As monotherapy or combination therapy (together with the corpus luteum hormone progestin), estrogens are used as medication during menopause in the form of gels, creams, patches or tablets.

Estrogens are not suitable for the treatment of an already existing, i.e. manifest, postmenopausal osteoporosis. They can only be used to prevent osteoporosis. But caution is also required here because long-term hormone replacement therapy, in particular, can increase the risk of breast cancer and diseases of the heart and vascular system. The possible side effects of hormone replacement therapy also depend on the age and any previous illnesses and family history of the person concerned. Therefore, the benefits of HRT should be weighed against the individual risks together with the doctor.

Hormone replacement therapy to prevent osteoporosis is usually only recommended if the affected person is already at increased risk of fractures and other medications cannot be taken due to intolerance or interactions with other medications.

 

Phytoestrogens as an alternative to hormone replacement therapy

The effect of so-called phytoestrogens in the treatment of postmenopausal osteoporosis has now been demonstrated in various studies. These botanicals, which include isoflavones and lignans, have estrogen-like effects. There are special soy-based preparations that can be taken as dietary supplements. In addition, phytoestrogens are contained in the following foods, for example:

The extent to which phytoestrogens can also be used to prevent the development of osteoporosis during menopause has not yet been sufficiently scientifically clarified. Seek medical advice about taking phytoestrogens via special supplements.

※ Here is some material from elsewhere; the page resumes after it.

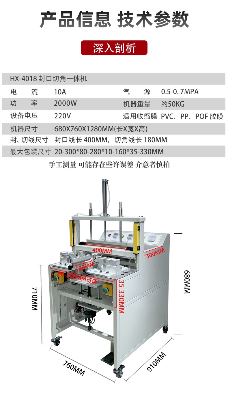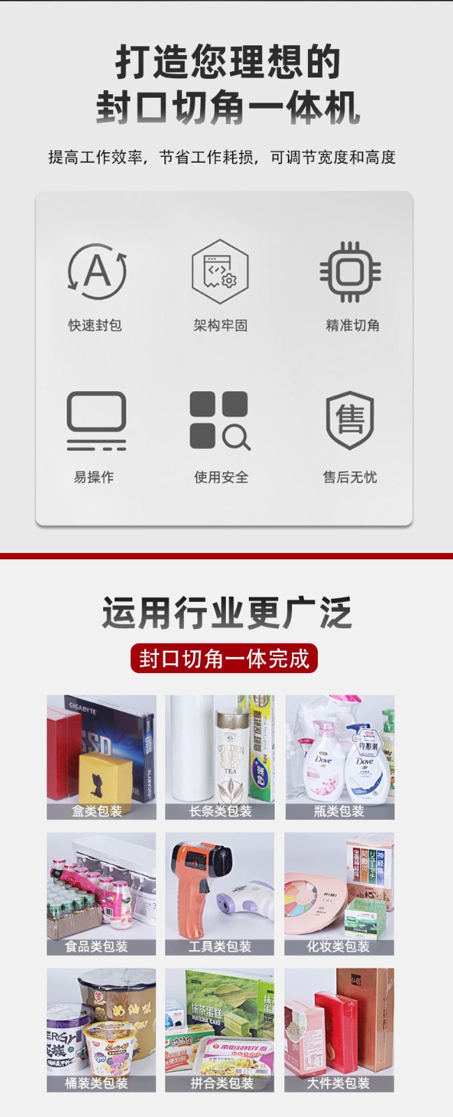 高效快捷:封口速度比傳統(tǒng)設(shè)備快,部分機型每分鐘可完成 50 次精準(zhǔn)封口,能有效提高生產(chǎn)效率。 操作簡便:通常采用一鍵啟動或腳踏開關(guān)控制,操作人員只需簡單培訓(xùn)即可上手操作。 封口質(zhì)量好:采用雙面加熱封口,壓合平整美觀,封口牢固,且封口長度、寬度等參數(shù)可根據(jù)需求調(diào)整。 適應(yīng)性強:可適用于 PVC、PP、POF 等多種材質(zhì)的收縮膜,還能根據(jù)不同產(chǎn)品規(guī)格進行調(diào)整,兼容多種尺寸的包裝材料。 安全性高:部分機型配備急停按鈕等安全裝置,且外觀設(shè)計圓潤,無棱角,可減少操作人員受傷的風(fēng)險。 應(yīng)用場景 廣泛應(yīng)用于食品、化工、電子、醫(yī)藥、日化等行業(yè),可用于對各種產(chǎn)品的包裝材料進行封口和切角處理,如食品包裝袋、日化用品包裝袋、電子產(chǎn)品包裝盒等的封裝。 代表產(chǎn)品 如中堡智能科技實業(yè)有限公司的HX-4018 智能氣動封口切角機、東莞博冠包裝實業(yè)有限公司的氣動封口切角機等,均具有運行穩(wěn)定、包裝速度快、多規(guī)格適配等特點。

Other forms of treatment for postmenopausal osteoporosis

Another important group of active ingredients explicitly used for preventing and treating postmenopausal osteoporosis are Selective Estrogen Receptor Modulators, or SERMs for short. These inhibit the breakdown of bones and decrease the frequency of fractures. According to current knowledge, HRT has significantly fewer side effects than usual.

Special antibody preparations,  which are administered by injection twice a year, are also becoming increasingly popular in the treatment of osteoporosis during menopause. The antibody denosumab, in particular, can increase bone density and thus reduce the risk of fractures.

In addition, the drugs commonly used during osteoporosis treatment can be used. In addition to painkillers, these include calcium and vitamin D3 preparations and bisphosphonates, reducing bone fracture risk.

Prevent osteoporosis through diet and exercise.

With a few simple rules of conduct, you can help prevent the development of osteoporosis. This includes a balanced diet with plenty of calcium.

The basis for stable bones is created in childhood, but there is always time for a calcium-rich diet. The following foods contain a lot of calcium:

  • milk and milk products
  • sesame and nuts
  • Vegetables, such as broccoli, leeks, and kale (generally leafy greens)
  • whole grain products
  • parsley and dill

The calcium must be distributed throughout the day, for example, through several small milk meals or additional calcium supplements. It would help if you were careful not to take in too much phosphate, as found in processed cheese, sausage, and meat products. Phosphate impairs the absorption of calcium.

Besides the other positive effects on health during menopause, exercise is an excellent protection against osteoporosis. This not only strengthens the bones, but sport in the fresh air also promotes the formation of vitamin D, which in turn promotes the build-up of calcium in the bones. Tennis or walking, for example, are suitable.